» **Task**
Give every line of the data again, unchanged, but with no pictures.

» **Data section**
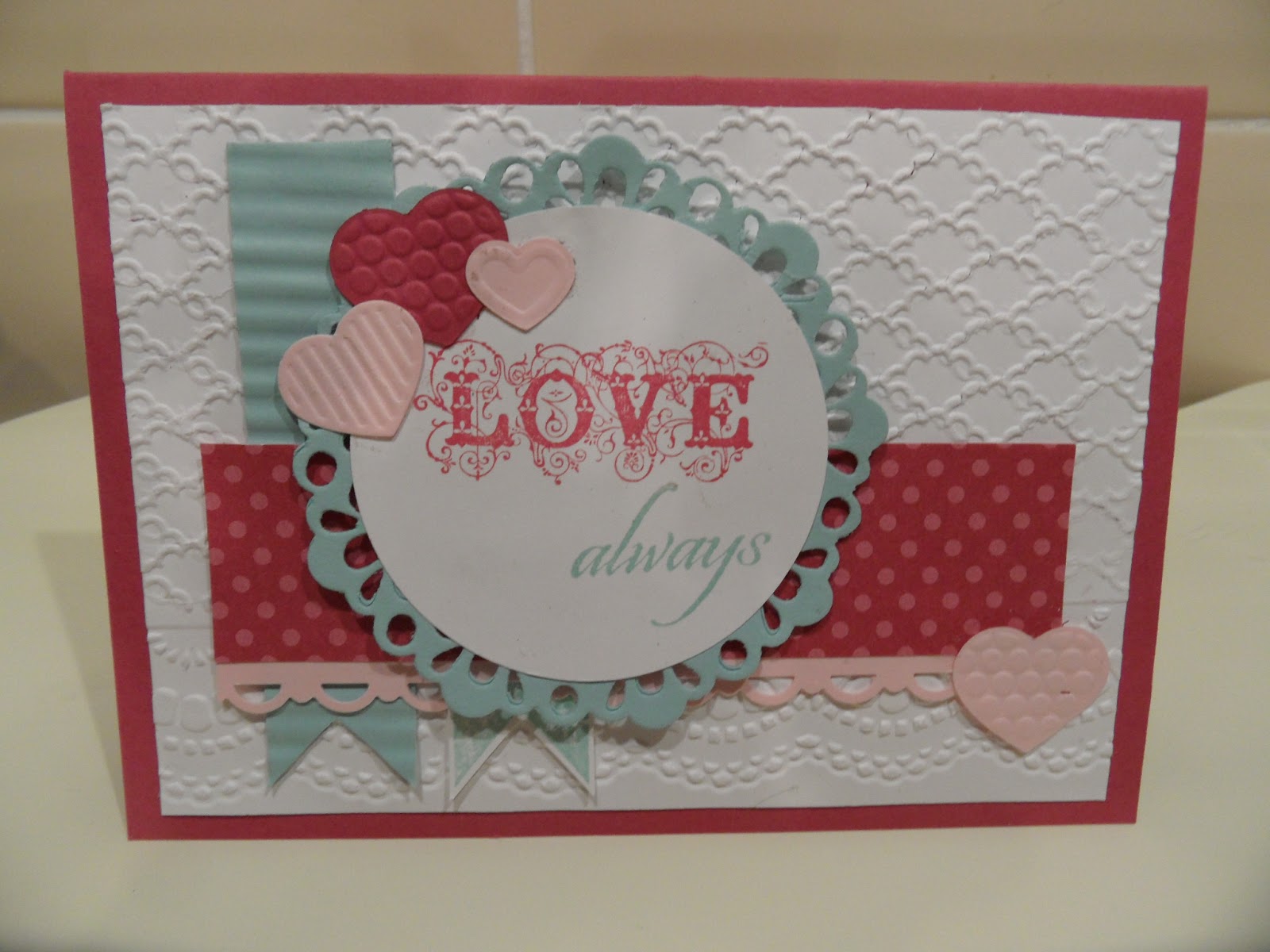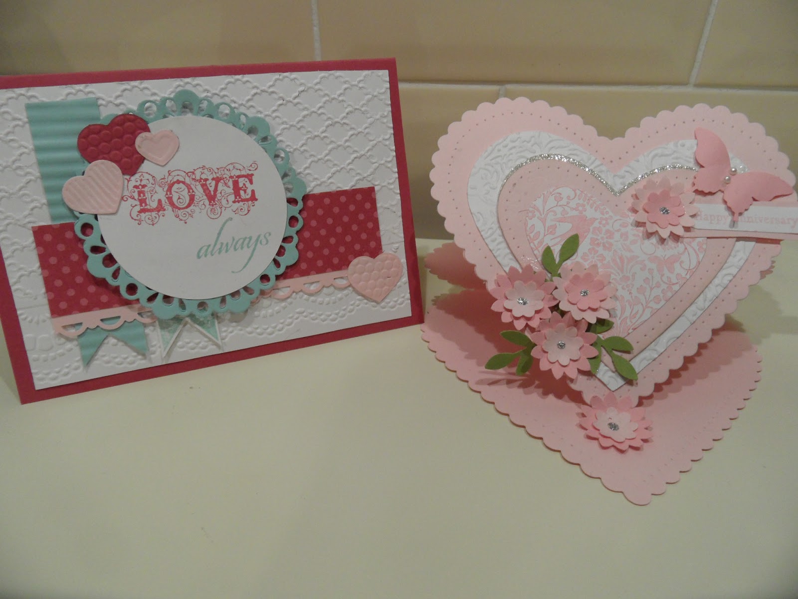 We used the hearts collection framelits to cut out some pink pirouette card to make the heart easel card. Various layers in pink pirouette and whisper white were cut and either embossed with vintage wallpaper folder or stamped and heat embossed using the heart from the You are Loved stamp set
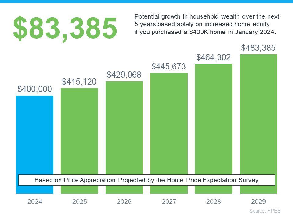 Say you snagged a $400,000 home earlier this year and plan to stick around for a while. According to the experts, if you hang tight for 5 years, you could be sitting on over $83,000 in added wealth as your home appreciates.
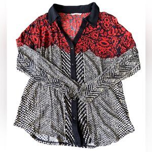 Soft Surroundings Women’s Button Down Patterned Red Black Collared Top, Large
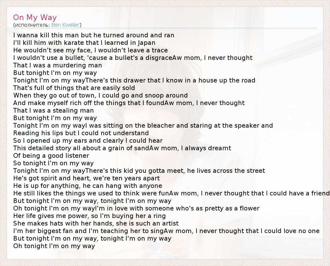А как ты думаешь, о чем песня "On My Way" ?

» **Written answer**
 We used the hearts collection framelits to cut out some pink pirouette card to make the heart easel card. Various layers in pink pirouette and whisper white were cut and either embossed with vintage wallpaper folder or stamped and heat embossed using the heart from the You are Loved stamp set
 Say you snagged a $400,000 home earlier this year and plan to stick around for a while. According to the experts, if you hang tight for 5 years, you could be sitting on over $83,000 in added wealth as your home appreciates.
 Soft Surroundings Women’s Button Down Patterned Red Black Collared Top, Large
А как ты думаешь, о чем песня "On My Way" ?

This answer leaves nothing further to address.